* Supplied records:
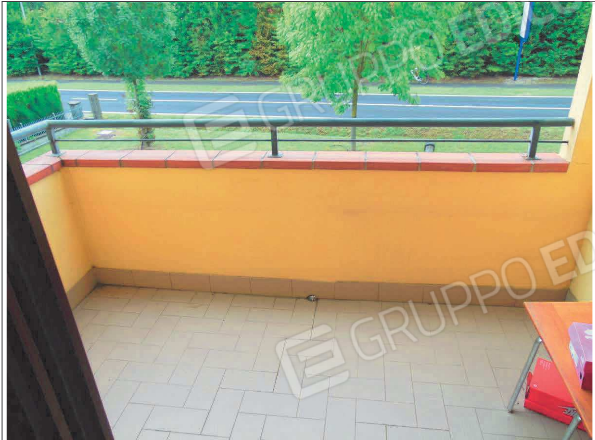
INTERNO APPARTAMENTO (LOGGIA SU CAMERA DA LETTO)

* * *

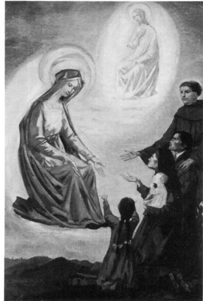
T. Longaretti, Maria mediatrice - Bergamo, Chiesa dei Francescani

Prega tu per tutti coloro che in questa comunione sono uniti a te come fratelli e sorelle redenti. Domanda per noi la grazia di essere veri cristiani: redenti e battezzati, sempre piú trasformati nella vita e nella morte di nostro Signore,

...

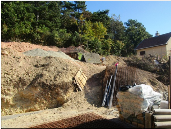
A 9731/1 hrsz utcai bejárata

* What you will do: Reproduce the lines of the entries above from the one with "T. Longaretti, Maria" to the one with "Prega tu per", both included, exactly and without any other line.

* Exercise response:
T. Longaretti, Maria mediatrice - Bergamo, Chiesa dei Francescani

Prega tu per tutti coloro che in questa comunione sono uniti a te come fratelli e sorelle redenti. Domanda per noi la grazia di essere veri cristiani: redenti e battezzati, sempre piú trasformati nella vita e nella morte di nostro Signore,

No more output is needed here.